The Company evaluates the performance of its segments based on segment Adjusted EBITDA, which is defined as earnings before interest, taxes, depreciation and amortization (“EBITDA”), adjusted for any impairments, restructuring costs, gains or losses on extinguishment of debt, and/or transaction costs (“Adjusted EBITDA”). EBITDA and Adjusted EBITDA do not represent and should not be considered alternatives to net income or operating income under GAAP and may not be comparable to other similarly titled measures in other businesses.
Management believes Adjusted EBITDA is an important measure in assessing operating performance. Adjusted EBITDA provides useful information to investors because it highlights trends in our business that may not otherwise be apparent when relying solely on GAAP measures and because it eliminates items that have less bearing on our operating performance.

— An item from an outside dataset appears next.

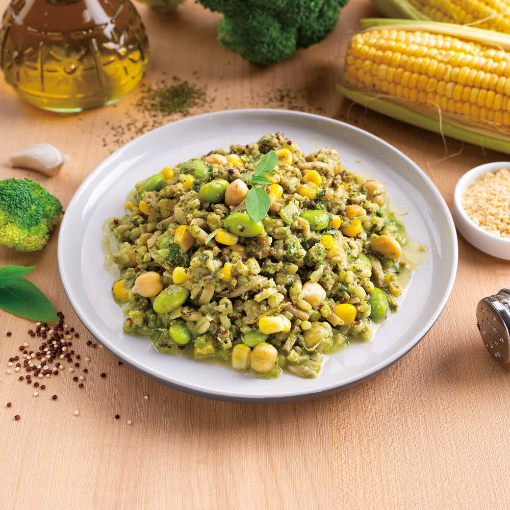 將白花椰米取代米飯成為主食,加上杏鮑菇、大麥、非基因改造毛豆、鷹嘴豆等食材增添層次與咀嚼口感,再以新鮮九層塔、初榨橄欖油、腰果、義大利香料調製燉煮而成的青醬,融入起司粉、鮮奶油更顯濃郁滑順可口,多重口感與層次,香氣醇厚,飽足感十足。

EBITDA and Adjusted EBITDA are not measures calculated in accordance with GAAP, and they should not be considered a substitute for net income, or any other measure of financial performance presented in accordance with GAAP. Additionally, other companies may calculate Adjusted EBITDA differently than we do, limiting its usefulness as a comparative measure.
Reconciliation of Non-GAAP Financial Measures
Below is a reconciliation of Adjusted EBITDA to net income, which is its most directly comparable financial measure calculated and presented in accordance with GAAP:
 Three Months Ended September 30,Nine Months Ended September 30,
 2023202220232022
 (Dollars in millions)
Net income$8.5 $42.5 $48.2 $92.1 
Add:
Depreciation and amortization expense35.5 35.7 107.2 106.7 
Interest expense, net6.6 8.0 21.0 24.3 
Income tax expense (benefit)14.6 (2.9)29.7 14.3 
Transaction costs(1)
0.2 0.4 0.4 1.4 
Adjusted EBITDA$65.4 $83.7 $206.5 $238.8 
(1)Costs incurred as part of the granulated pig iron project with U.S. Steel.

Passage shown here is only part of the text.